Erik Lauritzen Gallery: Desert City by Bobby Lee

For Bobby Lee, Las Vegas is a city full of contrasts. Originally the home of southern Paiute tribes who maintained a fertile valley using artesian wells, they were violently displaced to make way for westward colonial expansion and mining. Urbanization followed with the construction of the Hoover Dam leading to the current modern city of entertainment, capitalist desire, and suburban sprawl. Built in an extremely dry desert it relies on the steadily shrinking Lake Mead reservoir for water and electricity. The city has grown tremendously in the last 30 years and it faces the unpredictable effects of climate change ahead. In a newly released master plan for the next 30 years, city planners acknowledge the trend toward hotter and drier weather but ultimately maintain an optimistic vision of continued economic prosperity and population growth as evidenced by the ever-expanding suburban tract homes being built around the edges of the city. The surrounding Mojave Desert however has its own timeline written in the rocks and layers of the earth that have existed for millions of years that will ultimately outlast the city. This photographic series on display represents an abstract map of the city, going from desert to urban center and back to desert. The horizontal arrangement visually situates the urban center within the context of the surrounding desert along with the urban-rural transition zones of neighborhoods and flood basins. Newly built houses abruptly border the open desert landscape and large flood basins and channels reflect the human-nature relationship centered around water. The accompanied book shows the same series in an extended accordion book format, showing how the book can act as a portable exhibition that can exist beyond the exhibition.

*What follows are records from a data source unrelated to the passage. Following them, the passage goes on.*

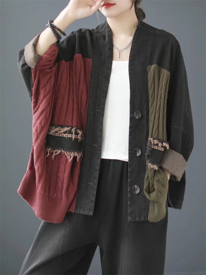 Women's Ethnic Style Trimmings Patchwork Black Cardigan Coat
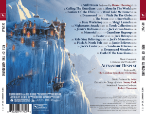 Overall, Desplat’s score has a childlike sense of wonder and innocence throughout. It has quite a gentle sound at times with many quick, light notes, which contrast with the occasional darker sounds of Pitch, and the quieter emotional tracks for Jack’s backstory. I found it to be a very nice listen and to work quite well within the film. In some ways, for better or for worse, it is a very classic sounding score for an animated film. I personally really ended up taking to it. I’d say if you really enjoyed the film, you’ll probably be happy getting a copy of the soundtrack as well – I know I was.
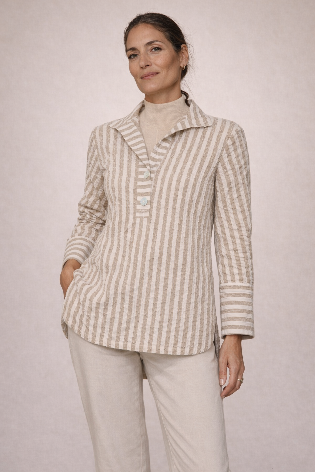 In our 'Panama' fabric, the Henley-Style Tilly Tunic features bias-cut sleeves for soft movement, while a classic collar and a partial Henley button placket that keeps the silhouette clean. It's the perfect option for strolls on the pier or shopping in coastal towns. Ideal for pairing with shorts or linen trousers and to wear loose or tucked. A coastal-inspired piece with modern flair. Runs true to size—we recommend sizing up for a slightly roomier, relaxed fit.

Red Mountain Student Gallery: Shock and Awe by Matthew Leue

Shock and Awe is inspired by the Iraq War and its impact on society 20 years after the United States' preemptively invaded Iraq in 2003. As a disabled combat veteran of the Iraq War, Leue wanted to create this series to draw awareness to the effects this conflict has had in human cost and suffering and to give a voice to the voiceless Iraq War veterans. With this photographic series he intends to make a counterargument to the military-industrial complex that seeks to enlist high school students and young people in college for the impending wars. Leue created this body of work because 20 years is a long time. While the details of what happened to the people who served in Iraq fade away from our collective memory as a nation, the military is gearing up for the pending wars in China and Russia. Often, recruiting efforts will attempt to convince high school and college students that if they join the United States military, they can have a better life with benefits after service. Through this body of work, I intend to counter that argument. “Shock and Awe” sheds light on the human cost paid by the soldiers, now veterans who served in the Iraq War while also acknowledging that over one million Iraqis lost their lives during this conflict.